During the last decade, the identification of oncogenic driver mutations and the introduction of tyrosine kinase inhibitors (TKIs) in daily clinical practice have substantially revamped the therapeutic approach of oncogene-addicted, non-small cell lung cancer (NSCLC). Rearrangements in the anaplastic lymphoma kinase (ALK) gene are detected in around 3-5% of all NSCLC patients. Following the promising results of Crizotinib, a first-generation ALK inhibitor (ALK-i), other second-generation and more recently third-generation TKIs have been developed and are currently a landmark in NSCLC treatment, leading to a significant improvement in patients prognosis. As clinical trials have already demonstrated high efficacy of each ALK-i, both in terms of systemic and intracranial disease control, comparative studies between second and third generation ALK-i are still lacking, and primary or secondary ALK-i resistance inevitably limit their efficacy. Resistance to ALK-i can be due to ALK-dependent or ALK-independent mechanisms, including the activation of bypass signaling pathways and histological transformation: these findings may play an important role in the future to select patients' subsequent therapy.

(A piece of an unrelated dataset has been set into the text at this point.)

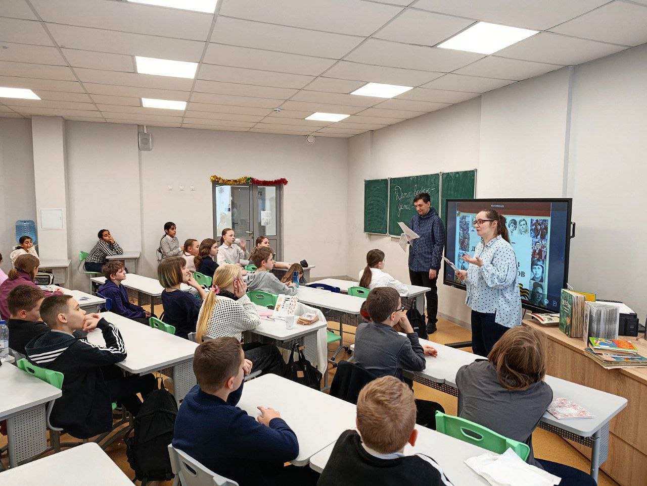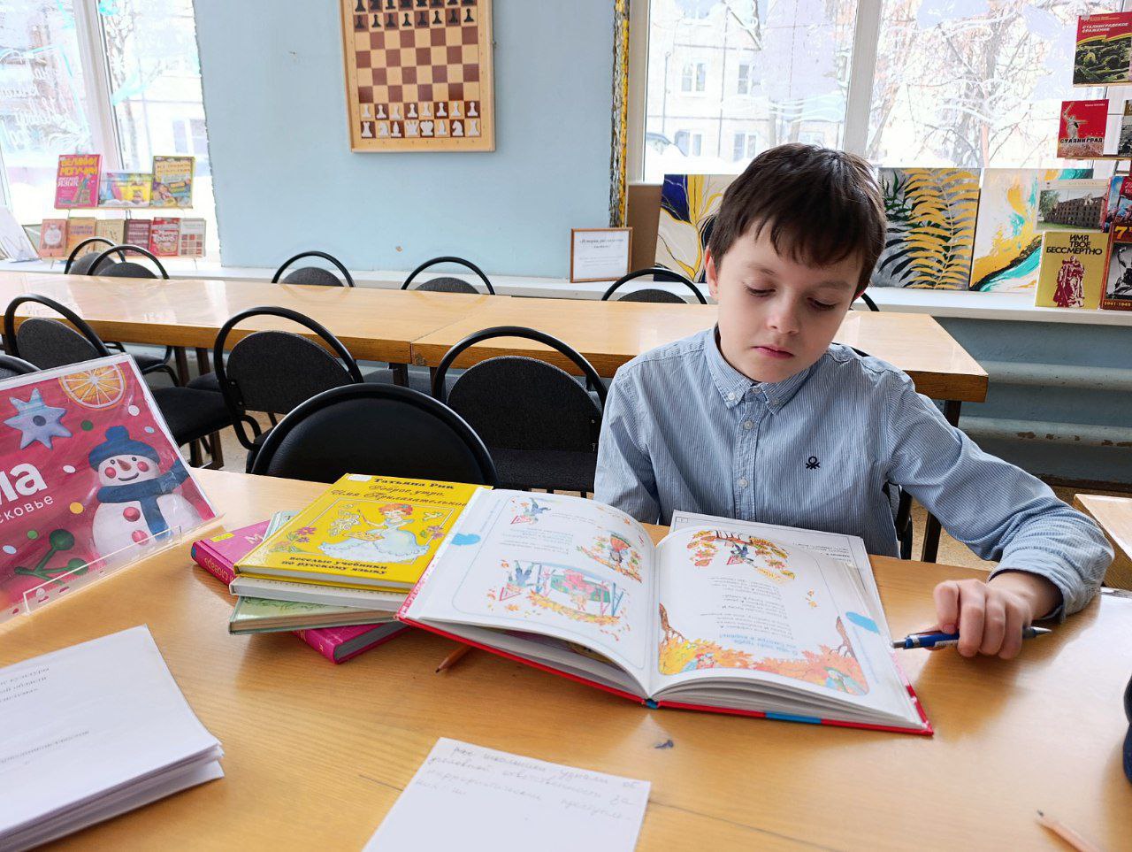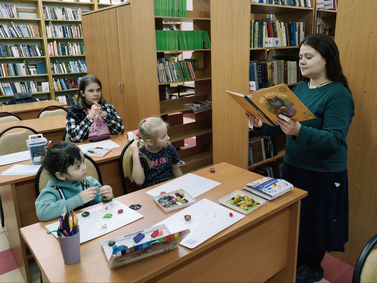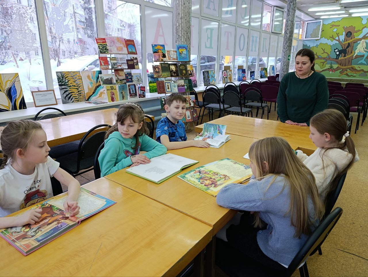 Затем сотрудник библиотеки обратил внимание ребят на то, что 13 февраля 2026 года русскому писателю Ивану Андреевичу Крылову исполняется 257 лет, и поэтому предложил детям в рамках минуты тихого чтения "Время читать!" вспомнить и прочитать любимые басни И. А. Крылова.

This review aims to provide an overview of underlying molecular alterations of ALK-i resistance and point out promising role of liquid biopsy in predicting tumor response and monitoring resistance mutations. The purpose of this review is also to summarize current approval for ALK-rearranged NSCLC patients, to help clinicians in making decisions on therapeutic sequence, and to deepen the role of clinicopathological and genomic characteristics influencing patients' prognosis during treatment with ALK-i.

摘要

在过去十年中,致癌驱动突变的鉴定以及酪氨酸激酶抑制剂(TKIs)在日常临床实践中的引入,极大地改变了对致癌基因成瘾的非小细胞肺癌(NSCLC)的治疗方法。在所有NSCLC患者中,约3%-5%检测到间变性淋巴瘤激酶(ALK)基因重排。继第一代ALK抑制剂(ALK-i)克唑替尼取得令人鼓舞的结果之后,其他第二代以及最近的第三代TKIs已被开发出来,目前是NSCLC治疗的一个里程碑,显著改善了患者的预后。由于临床试验已经证明每种ALK-i在全身和颅内疾病控制方面都具有高疗效,第二代和第三代ALK-i之间的比较研究仍然缺乏,并且原发性或继发性ALK-i耐药不可避免地限制了它们的疗效。对ALK-i的耐药可能归因于ALK依赖性或ALK非依赖性机制,包括旁路信号通路的激活和组织学转化:这些发现可能在未来选择患者的后续治疗中发挥重要作用。本综述旨在概述ALK-i耐药的潜在分子改变,并指出液体活检在预测肿瘤反应和监测耐药突变方面的潜在作用。本综述的目的还在于总结目前对ALK重排NSCLC患者的批准情况,帮助临床医生对治疗顺序做出决策,并深入探讨临床病理和基因组特征在ALK-i治疗期间对患者预后的影响作用。